Uganda Peoples Congress
Uganda Peoples Congress
Plot 8-10 Kampala Road, Uganda House,
P. O. Box 9206, Kampala
A Peaceful Karamoja Is Critical For National Stability
20 August 2006
- Right from colonial times, the Karamoja sub-region has had a raw deal in terms of provision of social services, economic infrastructure and security. The government took no serious effort to transform the negative aspects of the Karamojong culture and to promote their good values. Instead, the Karamojong were left to fend for themselves on the most arid areas of their land while the fertile areas were turned into natural reserves.
- The result of these circumstances were that the Karamojong were marginalized and denied:
- Adequate education and educational facilities.
- Basic elements of modern life like water, health facilities, transport and housing, infrastructure, and organized settlement.
- Protection of their lives and property.
- The Karamojong developed a culture of fending for themselves in this harsh environment. This culture is not conducive to peaceful co-existence within the community and its neighbours both in Uganda and neighbouring countries.
- The post independence government of UPC attempted to address the problems of Karamoja but the rate of progress was interrupted by the military coup detat of 1971. The situation was worsened at the fall of Idi Amin when the Karamojong accessed large quantities of arms and ammunition from Moroto barracks.
- The second UPC government again tried to pacify the sub-region by delivery of vital social and economic services, provision of security through trained government security services and political sensitization. These efforts were beginning to bear fruit when the NRM came to power and reversed the trend.
- Under the two decades of NRM administration, the sub region has been deliberately militarized and brutalized for political expediency.
- When the NRM government realised that the political goals for miltarisation of the sub-region could not be achieved, they reversed gear in favor of forceful disarmament and demobilization.
- The crude exercise of forceful disarmament and demobilization which has been running on and off for the last five years or so has been a dismal failure. Instead the exercise has turned out to be an ogre of human rights abuse.
- This forceful exercise has seen all police stations and posts being taken over by the UPDF. The military has replaced normal judicial organs as the arbiter of disputes including those of a civil nature.
- The present day scenario in the sub-region involves the following:
- Scotched earth policy where communities are surrounded by UPDF who search, torture and often kill the occupants and destroy their properties irrespective of their age and non-possession of arms.
- The arrested are imprisoned at military installations where all their fundamental rights and freedoms are grossly abused.
- Those imprisoned are hurriedly tried before military court martial and sentenced to long jail terms. The trials which normally last less than one hour do not afford the accused any of the constitutional rights to a fair hearing including the right to legal representation and to call witnesses.

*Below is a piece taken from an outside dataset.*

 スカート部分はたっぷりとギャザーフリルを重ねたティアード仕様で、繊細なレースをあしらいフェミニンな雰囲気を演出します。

In June 2006 alone, 350 people were sentenced and transferred from Moroto Barracks to Luzira prison, to serve jail terms ranging from 7 to 18 years.

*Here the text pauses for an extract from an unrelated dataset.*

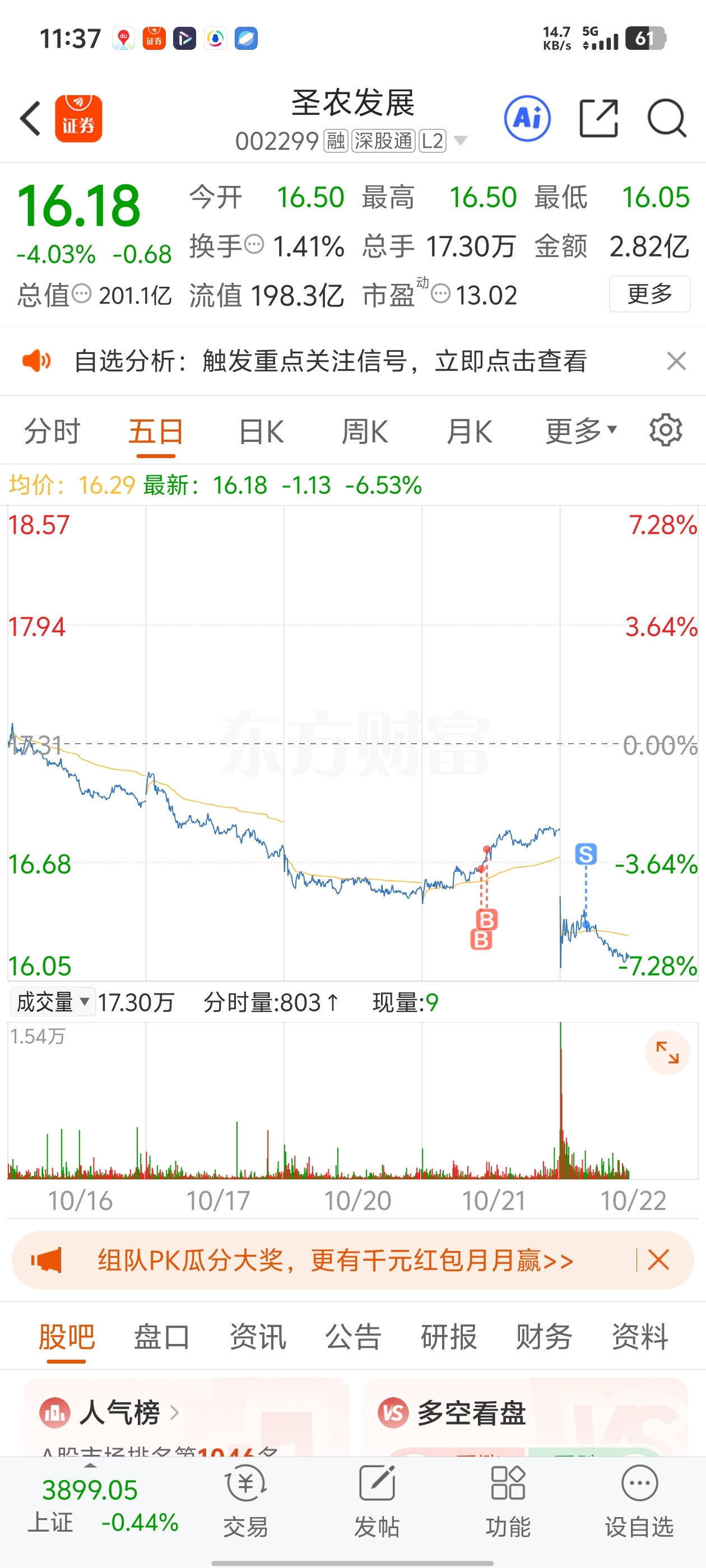 $圣农发展(SZ002299)$ 留下的发财

- In spite of this gruesome treatment of the Karamajong, the Karamajong community is still insecure and traumatized, leading to thousands of displaced Karimajong throughout Uganda. The situation in the neighbouring sub-regions of Kapchorwa, Bugisu, Teso, Lango and Acholi has not improved or even stabilized either.

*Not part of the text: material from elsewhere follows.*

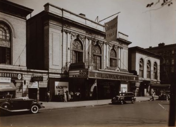 Famous for its musical revues and plays during the 1920's and 1930's, the Lafayette Theater in New York's Harlem section made Seventh Avenue and 132nd Street a mecca for those seeking stylish entertainment. In this exuberant collage, Romare Bearden conveyed the lively rhythm and vibrant color of the Lafayette during its heyday. Using pictures from magazines, scraps of paper, and bits of fabric, Bearden arranged several scenes, as they would appear to the theater audience. The band plays below in the pit, while dancers and singers perform energetically above on stage. African masks and exotic tree and flower forms decorate a backdrop topped by a scalloped red curtain. Bearden excelled in the medium of collage, using it to express the spirit and reality of African-American culture. Inspired by his love of jazz and memories of his youth, he once explained, "I work out of a response and need to redefine the image of man in terms of the Negro experience I know best." This composition is from his "Of the Blues" series of 1974.
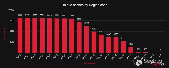 每個 PrivateLoader 示例嵌入一個區域代碼,該區域代碼與自動程序的 c2服務器和國家進行通信。下面的圖表顯示了在覆蓋期間每個區域代碼下載的唯一散列數。我們認為,這些區域代碼中的“ WW”前綴代表“世界范圍”,因為它于樣本中經常出現。在面板方面,我們懷疑這段代碼代表了前面表中描述的“link_geo”參數。

- Instead, it is evident that the Karimojong having been isolated and mistreated are preparing to respond to the state inspired violence in equal measure. This will most likely result into another war frontier.
- As the nation looks to the Juba talks for peace, it is imperative that all other areas of Uganda susceptible to armed conflict, starting with the Karamoja sub-region be attended to seriously.
- The problem of Karamoja has to be appreciated as a national one, rooted in government's failure to understand the roots of the problem. Specific economic, social and political programmes need to be drawn as a matter of urgency to address these problems.
- The failure to solve the Karamoja problem will negate any positive results of the Juba Peace Talks since the country will remain without peace.